The balancing number and list balancing number of some graph classes

TL;DR

This paper introduces the list balancing number, a generalization of the balancing number, for graph classes, providing exact values for cycles and bounds for other graphs, including $K_5$.

Contribution

It defines the list balancing number, proves its properties, and computes exact or bounded values for various graph classes, extending previous concepts.

Findings

Exact list balancing number for all cycles except $4k$-cycles

Tight bounds for $4k$-cycles' list balancing number

Surprisingly large list balancing number for $K_5$

Abstract

Given a graph $G$, a 2-coloring of the edges of $K_n$ is said to contain a balanced copy of $G$ if we can find a copy of $G$ such that half of its edges is in each color class.
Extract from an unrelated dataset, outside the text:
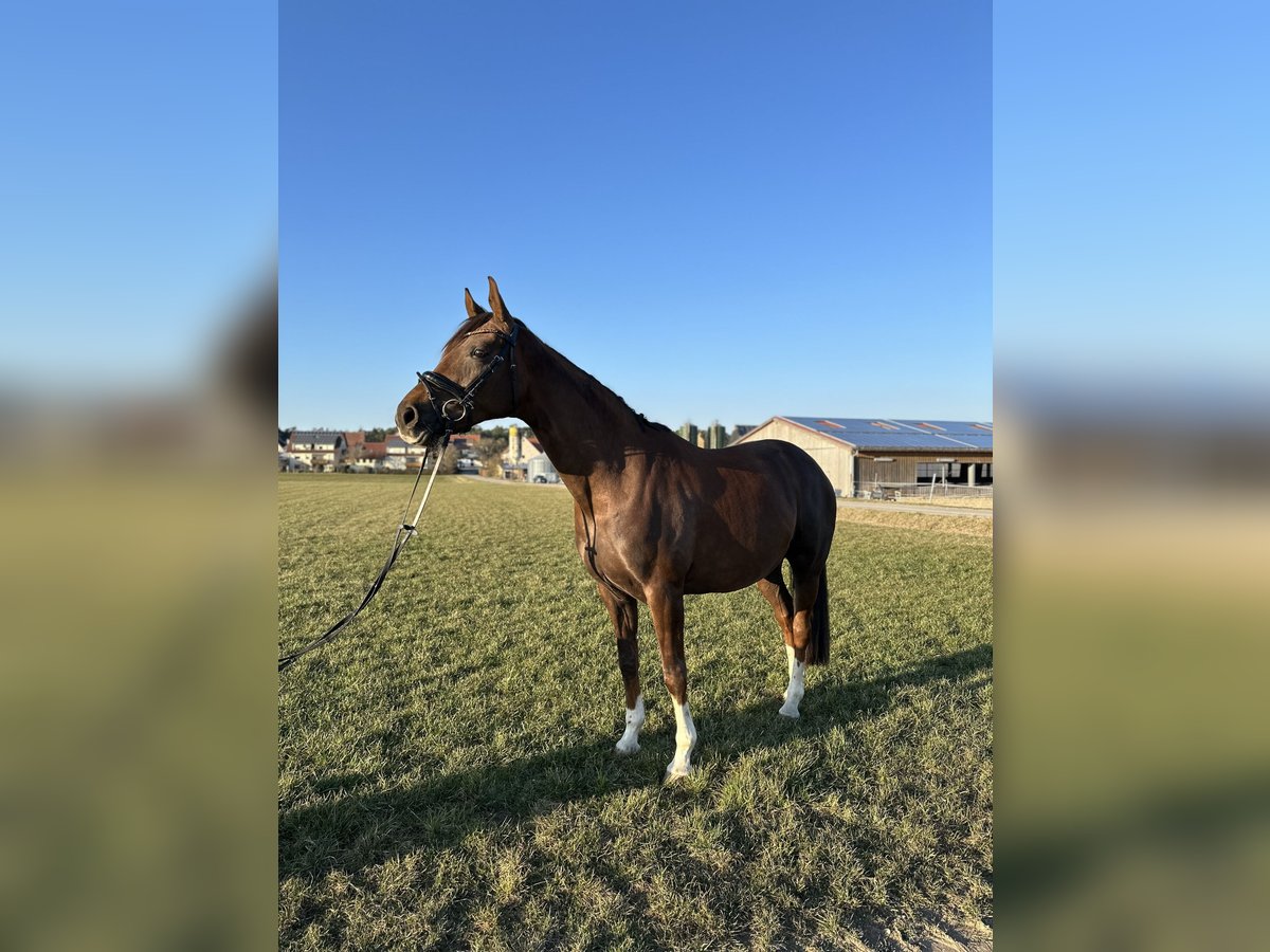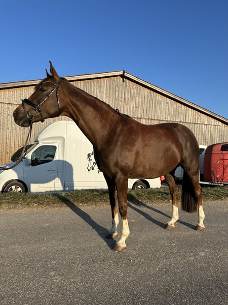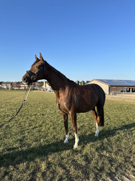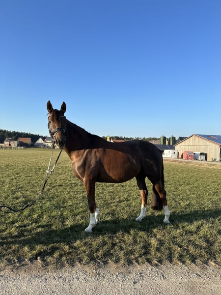 Unsere bildhübsche Forever My Rose, eine 2019 geborene Deutschen Sportpferd Stute,verzaubert mit ihrem ausdrucksstarken Erscheinungsbild und ihrem tollen Charakter mit einem Stockmaß von ca. 1,68 m. Die elegante Dunkelfuchsstute begeistert nicht nur durch ihre traumhafte Farbe, sondern auch durch ihre üppige Mähne und ihren vollen Schweif – ein echter Blickfang. Rose ist leichtrittig, angenehm zu sitzen und geht selbstständig und korrekt am Zügel. Sie ist allerdings nicht für Anfänger geeignet, da man korrekt und ruhig sitzen sollte und sie eine ruhige Hand braucht. Im Umgang zeigt sie sich absolut unkompliziert, menschenbezogen und verschmust. Sie liebt Aufmerksamkeit und genießt jede Streicheleinheit. Aufgrund eines Befundes (verkalkter Schleimbeutel) ist sie nicht mehr für den Turniersport geeignet!! Daher wünschen wir uns für sie einen liebevollen Platz als Freizeitpartnerin oder in fördernden Händen für die Zucht. Wer eine treue Seele mit viel Charme und Herz sucht, wird in Rose eine ganz besondere Begleiterin finden.

If there exists an integer $k$ such that, for $n$ sufficiently large, every 2-coloring of $K_n$ with more than $k$ edges in each color contains a balanced copy of $G$, then we say that $G$ is balanceable. The smallest integer $k$ such that this holds is called the balancing number of $G$. In this paper, we define a more general variant of the balancing number, the list balancing number, by considering 2-list edge colorings of $K_n$, where every edge $e$ has an associated list $L(e)$ which is a nonempty subset of the color set $\{r,b\}$. In this case, edges $e$ with $L(e) = \{r,b\}$ act as jokers in the sense that their color can be chosen $r$ or $b$ as needed. In contrast to the balancing number, every graph has a list balancing number. Moreover, if the balancing number exists, then it coincides with the list balancing number. We give the exact value of the list balancing number for all cycles except for $4k$-cycles for which we give tight bounds. In addition, we give general bounds for the list balancing number of non-balanceable graphs based on the extremal number of its subgraphs, and study the list balancing number of $K_5$, which turns out to be surprisingly large.